Why can't we compute the lexicographically-least word of a given length on which a given TM halts?

Question

I had this question in my exam. but my answer is wrong(I didn't receive explanations why...) $$f(\langle M\rangle,1^n)=\left \{ \texttt{the lexicographically smallest } x\in\left \{ 0,1 \right \}^n \cap L(M) \texttt{ if } n>100\texttt{ and }L(M)\cap \left \{ 0,1 \right \}^n \neq\varnothing \texttt{, otherwise undefined}\right \}$$

I answered it is computable.
for input $(\langle M\rangle,1^{n})$ when $n \geq101$
I run the machine on all possible inputs in $\Sigma^{n}$ and output the first result when conditions are
met.

I was wrong and apparently the language is not computable. what did I miss?

Answer 1

Since for a given $n$, there are only finitely many strings in $\Sigma^n$, saying "run $M$ on all words from $\Sigma^n$" does make sense. But we need to be somewhat careful about the details here.

1. We could run $M$ on all $w \in \Sigma^*$ in parallel. If we do that, then (assuming that $M$ halts on at least one of them, which we may do here), there is a first word for which we learn that $M$ halts on it. But "first" here refers to our particular simulation, and to how long $M$ takes on the various words. This will generally not be the lexicographically first word; so this is not doing the job.

2. We could run $M$ on the words $w \in \Sigma^*$ in lexicographic order.

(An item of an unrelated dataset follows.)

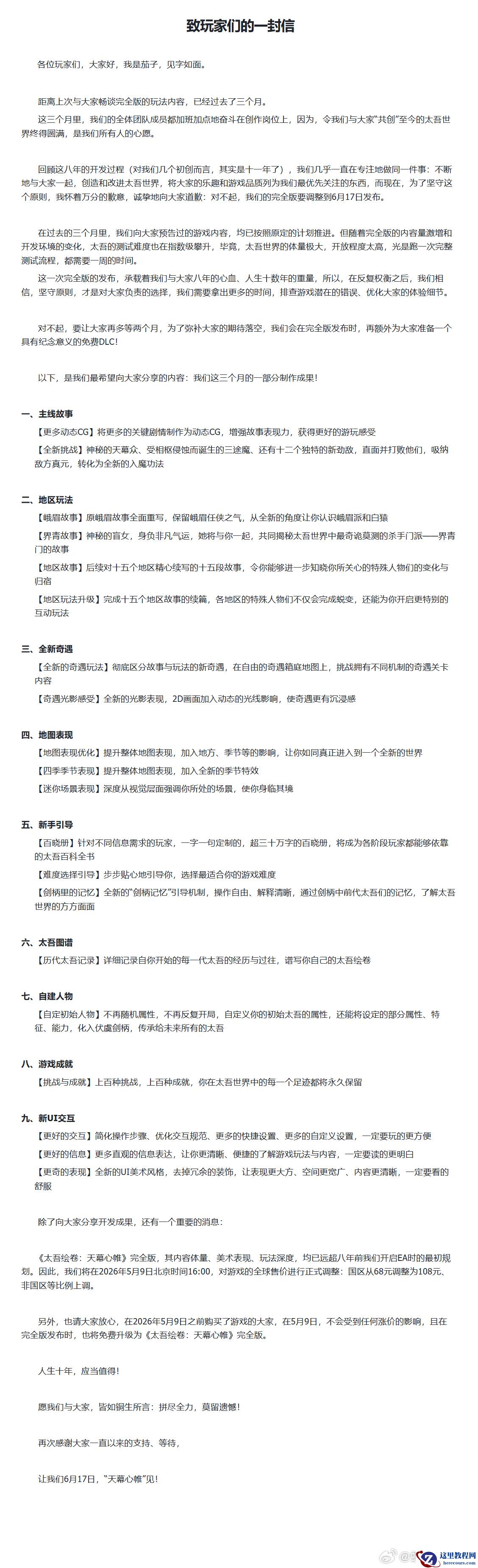 3 月 11 日消息,螺舟工作室今日发布了《致玩家们的一封信》,并宣布国产神话武侠题材独立游戏《太吾绘卷:天幕心帷》完全版定档 2026 年 6 月 17 日上线。
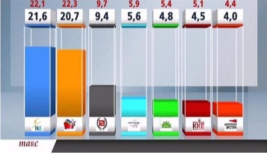 Ειδικότερα, στην πρόθεση ψήφου η ΝΔ συγκεντρώνει 21,6% και ο ΣΥΡΙΖΑ 20,7%. Ακολουθούν η Χρυσή Αυγή με 9,4%, οι Ανεξάρτητοι Έλληνες με 5,6%, το ΠΑΣΟΚ με 4,8%, το ΚΚΕ με 4,5%, η ΔΗΜΑΡ με 4%, Συμφωνία για την Ελλάδα 1,6%, Σχέδιο Β 1,5%, Δημιουργία Ξανά 1,1% και Οικολόγοι 1,1%. Ένα ποσοστό 3,5% απάντησε άλλο κόμμα. Αποχή/Λευκό/Άκυρο απάντησε το 10,4%, ενώ αδιευκρίνιστη είναι η ψήφος του 10,2% των ερωτηθέντων.

But now, if $M$ doesn't halt on $0^n$, we never proceed beyond this particular simulation.

To prove that the function is indeed non-computable, mirror the proof of Rice' theorem.

Answer 2

Consider this version of the halting problem: given $T$, decide whether $T(\varepsilon)$ halts (where $\varepsilon$ denotes the empty string).

Let $\overline{0}$ (resp. $\overline{1}$) be the string containing $101$ zeros (resp. ones) and suppose towards a contradiction that your function is computable. Then, given $T$ you can construct a Turing machine $M_T$ that behaves as follows on input $x$:

• If $x\neq \overline{0}$ then $M_T(x)$ accepts;
• Otherwise $M_T(x)$ simulates $T(\varepsilon)$, and when (if) $T(\epsilon)$ halts $M_T(x)$ accepts.

It is easy to see that $f(\langle M_T \rangle, \overline{1}) = \overline{0}$ if $T(\varepsilon)$ halts and $f(\langle M_T \rangle, \overline{1}) = \underbrace{00\dots0}_{100 \mbox{ times}}1$ if $T(\varepsilon)$ does not halt.

Since $f$ is computable by hypothesis, we can decide the halting problem by computing $f(\langle M_T \rangle, \overline{1})$ and accepting iff $f(\langle M_T \rangle, \overline{1}) = \overline{0}$. This is a contradiction.